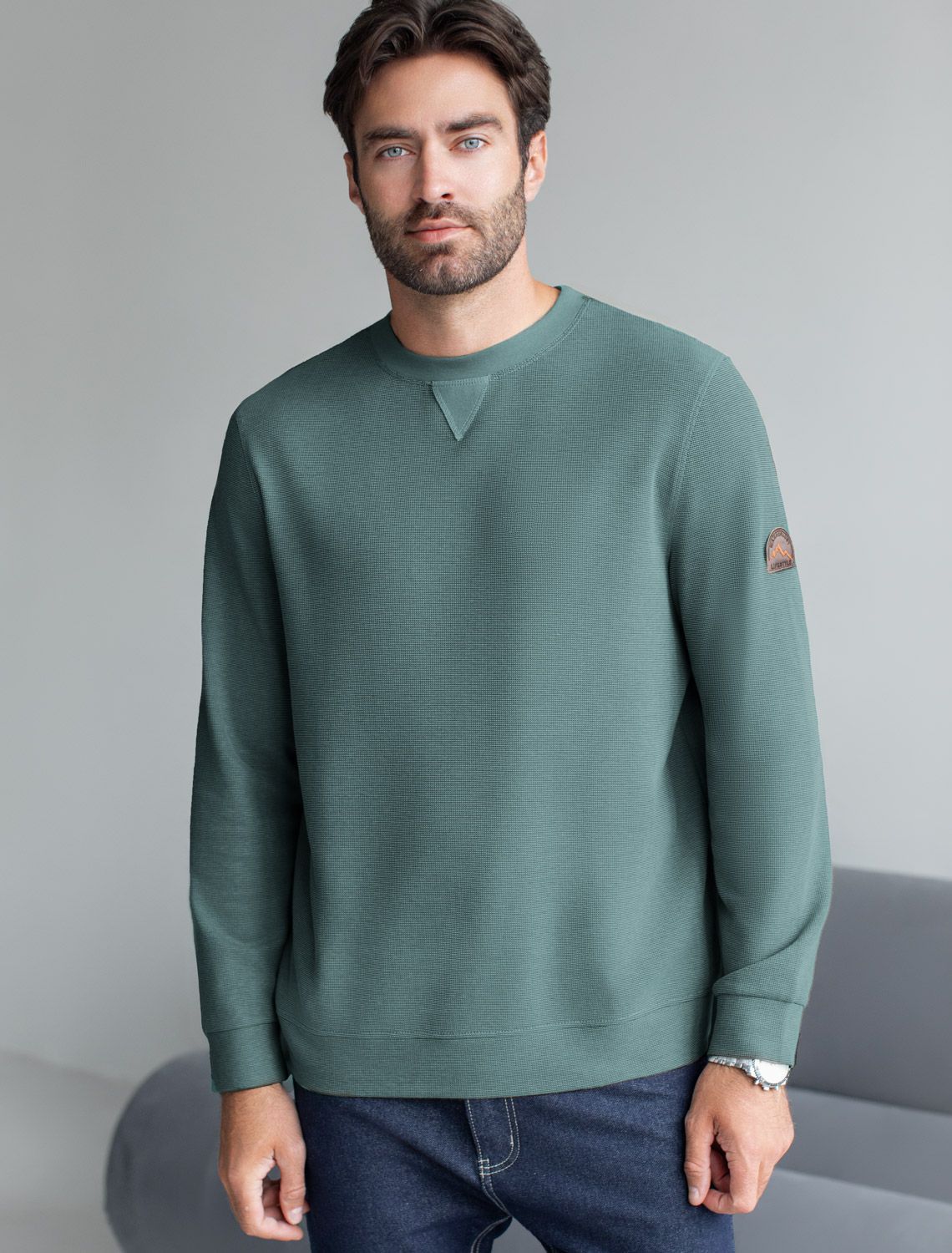 Легкий и невероятно комфортный джемпер изумрудного цвета создан для повседневного образа. Мягкий фактурный эластичный трикотаж приятно ощущается на теле, не сковывает движения и отлично подходит для носки в любое время года. Полуприлегающий крой обеспечивает свободу и удобство, позволяя выглядеть стильно и чувствовать себя уверенно каждый день. Круглый ворот украшен декоративной нашивкой в виде перевернутого треугольника, добавляющей оригинальности.. Манжеты на рукавах и по низу аккуратно оформлены, что придает завершенность внешнему виду и способствует сохранению формы джемпера после длительной носки и многочисленных стирок. На груди нашивка из экокожи в виде логотипа бренда, подчеркивающая индивидуальность каждого мужчины.
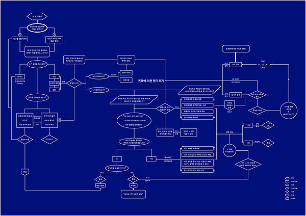 <내 편 만들기(Flowchart)>는 박혜수 작가가 성유미 정신과전문의에게 자문을 얻어 제작했다. 마치 컴퓨터 과학책에 나올법한 순서도(Flowchart) 형식을 빌려 나와 타인의 ‘관계 맺음’에 대한 문제를 성찰해 볼 기회를 얻게 하는 작품이다.
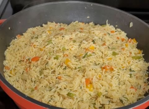 Seasoned rice is regular rice cooked with herbs, spices, and vegetables. It has more flavor than plain white rice. Garlic, onions, and peppers are added while cooking. These ingredients make the rice colorful and tasty.
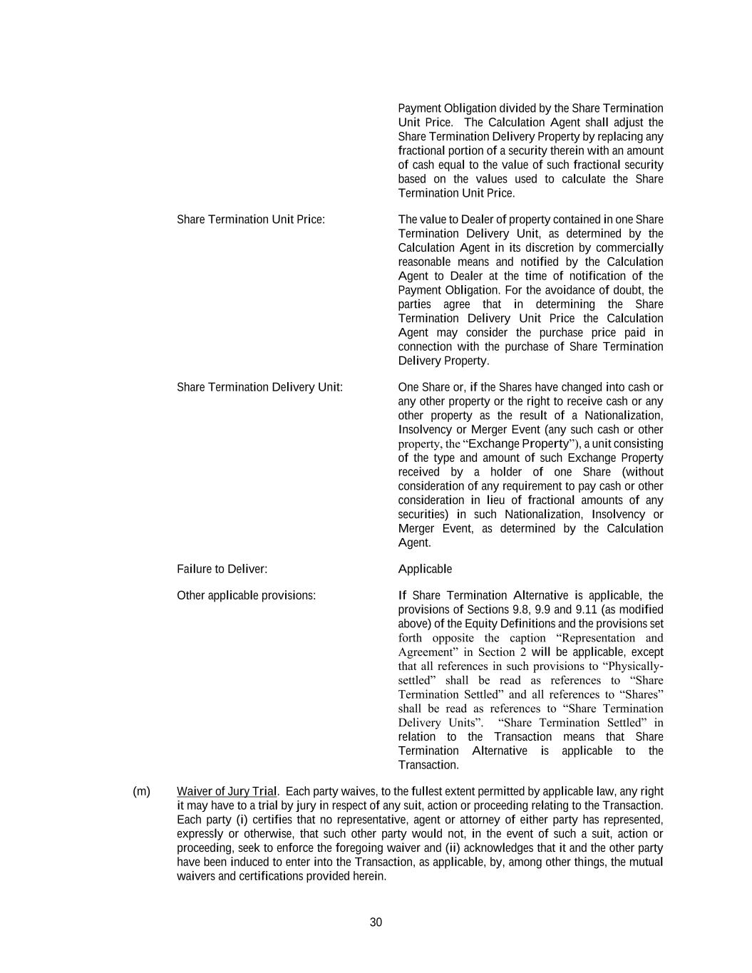 30 Payment Obligation divided by the Share Termination Unit Price. The Calculation Agent shall adjust the Share Termination Delivery Property by replacing any fractional portion of a security therein with an amount of cash equal to the value of such fractional security based on the values used to calculate the Share Termination Unit Price. Share Termination Unit Price: The value to Dealer of property contained in one Share Termination Delivery Unit, as determined by the Calculation Agent in its discretion by commercially reasonable means and notified by the Calculation Agent to Dealer at the time of notification of the Payment Obligation. For the avoidance of doubt, the parties agree that in determining the Share Termination Delivery Unit Price the Calculation Agent may consider the purchase price paid in connection with the purchase of Share Termination Delivery Property. Share Termination Delivery Unit: One Share or, if the Shares have changed into cash or any other property or the right to receive cash or any other property as the result of a Nationalization, Insolvency or Merger Event (any such cash or other property, the “Exchange Property”), a unit consisting of the type and amount of such Exchange Property received by a holder of one Share (without consideration of any requirement to pay cash or other consideration in lieu of fractional amounts of any securities) in such Nationalization, Insolvency or Merger Event, as determined by the Calculation Agent. Failure to Deliver: Applicable Other applicable provisions: If Share Termination Alternative is applicable, the provisions of Sections 9.8, 9.9 and 9.11 (as modified above) of the Equity Definitions and the provisions set forth opposite the caption “Representation and Agreement” in Section 2 will be applicable, except that all references in such provisions to “Physically- settled” shall be read as references to “Share Termination Settled” and all references to “Shares” shall be read as references to “Share Termination Delivery Units”. “Share Termination Settled” in relation to the Transaction means that Share Termination Alternative is applicable to the Transaction. (m) Waiver of Jury Trial. Each party waives, to the fullest extent permitted by applicable law, any right it may have to a trial by jury in respect of any suit, action or proceeding relating to the Transaction. Each party (i) certifies that no representative, agent or attorney of either party has represented, expressly or otherwise, that such other party would not, in the event of such a suit, action or proceeding, seek to enforce the foregoing waiver and (ii) acknowledges that it and the other party have been induced to enter into the Transaction, as applicable, by, among other things, the mutual waivers and certifications provided herein.
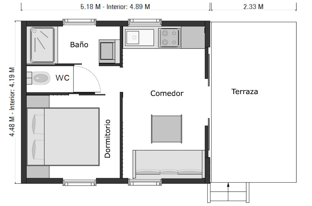 Explora el plano de la cabaña motel de 23 m²: diseño moderno, terraza cubierta y privacidad garantizada.
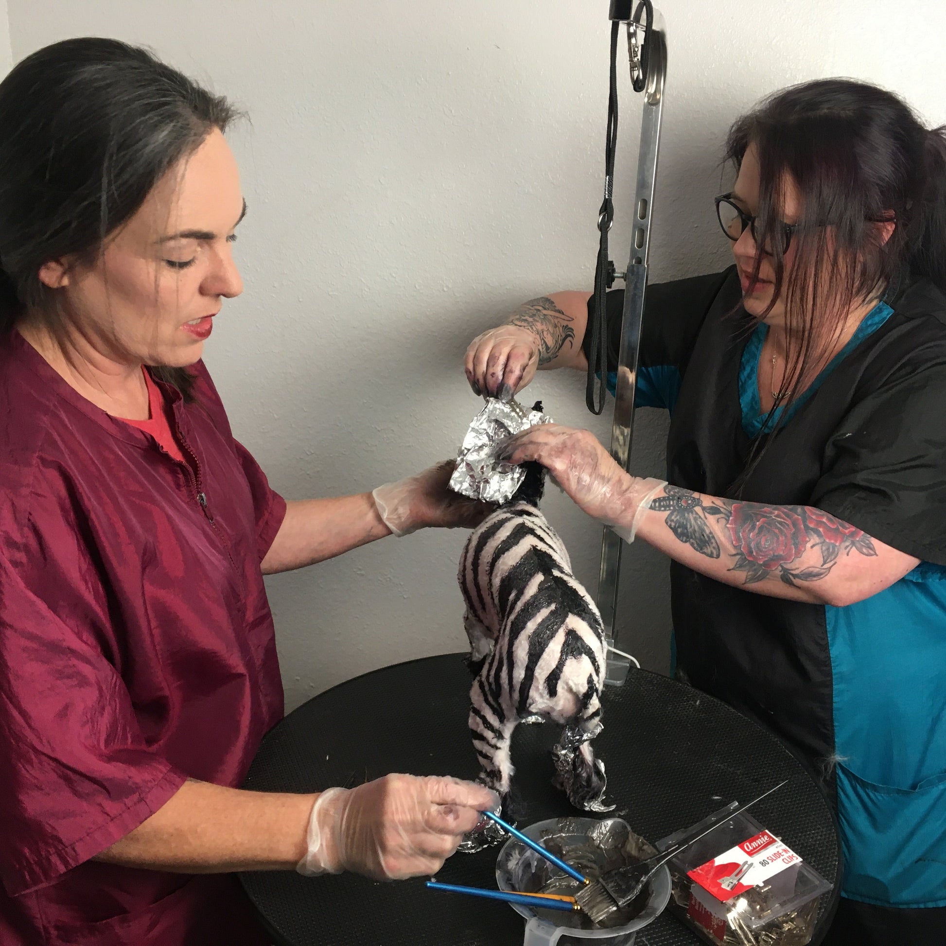 Please bring a brush, comb, scissors, cordless clipper (if you have one) for the hands-on day. Wear clothing that is suitable for coloring dogs.
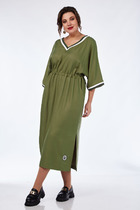 Струящееся платье с расклешенной к низу юбкой, выполнено из облегченной ткани очень приятной к телу, в боковых швах карманы. Рукав цельнокроеный приспущенный на отложенной манжете. Настрочные клапаны по лифу платья имитируют вход в карман и украшают, но абсолютно не утяжеляют изделие. По поясу вставлена резинка, фиксирующая высоту талии и подчеркивающая ее. Ремешок идет в комплекте. Длина по спинке 109+-1см.
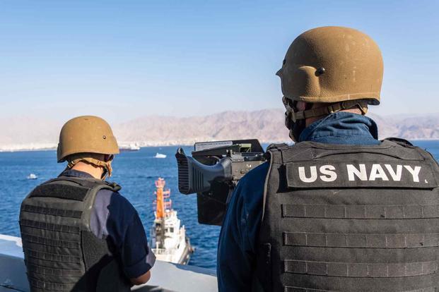 美國海軍“波特蘭”號(hào)船塢運(yùn)輸艦的艦員執(zhí)行警戒任務(wù)
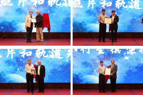 何梁何利基金(香港)北京代表處首席代表助理蒙建東和吳雪峰、趙海斌分別向王應(yīng)睞先生次子王家楠和分子細(xì)胞科學(xué)卓越創(chuàng)新中心主任劉小龍、黨委書記倪福弟頒贈國際命名公報、命名證書、星照片和軌道光盤。段瑞春向劉小龍頒贈“王應(yīng)睞星”證書銅匾。
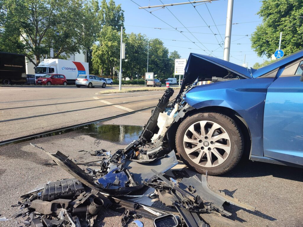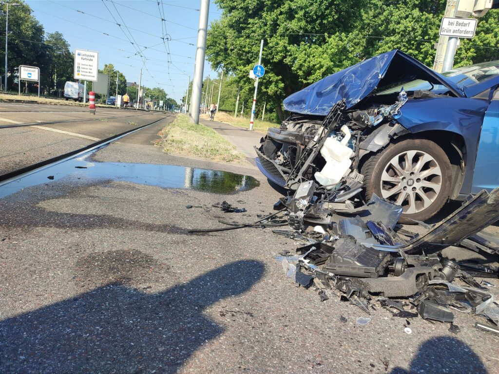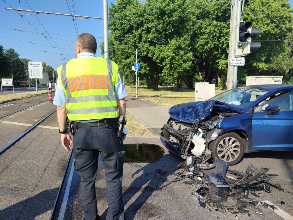 Polizei Karlsruhe Kollision zwischen Auto & Straßenbahn am Karlsruher Hirtenweg

====

(WHAT IS BEING ASKED) Would you repeat the entries exactly, but with no pictures?

(REPLY)
 Легкий и невероятно комфортный джемпер изумрудного цвета создан для повседневного образа. Мягкий фактурный эластичный трикотаж приятно ощущается на теле, не сковывает движения и отлично подходит для носки в любое время года. Полуприлегающий крой обеспечивает свободу и удобство, позволяя выглядеть стильно и чувствовать себя уверенно каждый день. Круглый ворот украшен декоративной нашивкой в виде перевернутого треугольника, добавляющей оригинальности.. Манжеты на рукавах и по низу аккуратно оформлены, что придает завершенность внешнему виду и способствует сохранению формы джемпера после длительной носки и многочисленных стирок. На груди нашивка из экокожи в виде логотипа бренда, подчеркивающая индивидуальность каждого мужчины.
 <내 편 만들기(Flowchart)>는 박혜수 작가가 성유미 정신과전문의에게 자문을 얻어 제작했다. 마치 컴퓨터 과학책에 나올법한 순서도(Flowchart) 형식을 빌려 나와 타인의 ‘관계 맺음’에 대한 문제를 성찰해 볼 기회를 얻게 하는 작품이다.
 Seasoned rice is regular rice cooked with herbs, spices, and vegetables. It has more flavor than plain white rice. Garlic, onions, and peppers are added while cooking. These ingredients make the rice colorful and tasty.
 30 Payment Obligation divided by the Share Termination Unit Price. The Calculation Agent shall adjust the Share Termination Delivery Property by replacing any fractional portion of a security therein with an amount of cash equal to the value of such fractional security based on the values used to calculate the Share Termination Unit Price. Share Termination Unit Price: The value to Dealer of property contained in one Share Termination Delivery Unit, as determined by the Calculation Agent in its discretion by commercially reasonable means and notified by the Calculation Agent to Dealer at the time of notification of the Payment Obligation. For the avoidance of doubt, the parties agree that in determining the Share Termination Delivery Unit Price the Calculation Agent may consider the purchase price paid in connection with the purchase of Share Termination Delivery Property. Share Termination Delivery Unit: One Share or, if the Shares have changed into cash or any other property or the right to receive cash or any other property as the result of a Nationalization, Insolvency or Merger Event (any such cash or other property, the “Exchange Property”), a unit consisting of the type and amount of such Exchange Property received by a holder of one Share (without consideration of any requirement to pay cash or other consideration in lieu of fractional amounts of any securities) in such Nationalization, Insolvency or Merger Event, as determined by the Calculation Agent. Failure to Deliver: Applicable Other applicable provisions: If Share Termination Alternative is applicable, the provisions of Sections 9.8, 9.9 and 9.11 (as modified above) of the Equity Definitions and the provisions set forth opposite the caption “Representation and Agreement” in Section 2 will be applicable, except that all references in such provisions to “Physically- settled” shall be read as references to “Share Termination Settled” and all references to “Shares” shall be read as references to “Share Termination Delivery Units”. “Share Termination Settled” in relation to the Transaction means that Share Termination Alternative is applicable to the Transaction. (m) Waiver of Jury Trial. Each party waives, to the fullest extent permitted by applicable law, any right it may have to a trial by jury in respect of any suit, action or proceeding relating to the Transaction. Each party (i) certifies that no representative, agent or attorney of either party has represented, expressly or otherwise, that such other party would not, in the event of such a suit, action or proceeding, seek to enforce the foregoing waiver and (ii) acknowledges that it and the other party have been induced to enter into the Transaction, as applicable, by, among other things, the mutual waivers and certifications provided herein.
 Explora el plano de la cabaña motel de 23 m²: diseño moderno, terraza cubierta y privacidad garantizada.
 Please bring a brush, comb, scissors, cordless clipper (if you have one) for the hands-on day. Wear clothing that is suitable for coloring dogs.
 Струящееся платье с расклешенной к низу юбкой, выполнено из облегченной ткани очень приятной к телу, в боковых швах карманы. Рукав цельнокроеный приспущенный на отложенной манжете. Настрочные клапаны по лифу платья имитируют вход в карман и украшают, но абсолютно не утяжеляют изделие. По поясу вставлена резинка, фиксирующая высоту талии и подчеркивающая ее. Ремешок идет в комплекте. Длина по спинке 109+-1см.
 美國海軍“波特蘭”號(hào)船塢運(yùn)輸艦的艦員執(zhí)行警戒任務(wù)
 何梁何利基金(香港)北京代表處首席代表助理蒙建東和吳雪峰、趙海斌分別向王應(yīng)睞先生次子王家楠和分子細(xì)胞科學(xué)卓越創(chuàng)新中心主任劉小龍、黨委書記倪福弟頒贈國際命名公報、命名證書、星照片和軌道光盤。段瑞春向劉小龍頒贈“王應(yīng)睞星”證書銅匾。
 Polizei Karlsruhe Kollision zwischen Auto & Straßenbahn am Karlsruher Hirtenweg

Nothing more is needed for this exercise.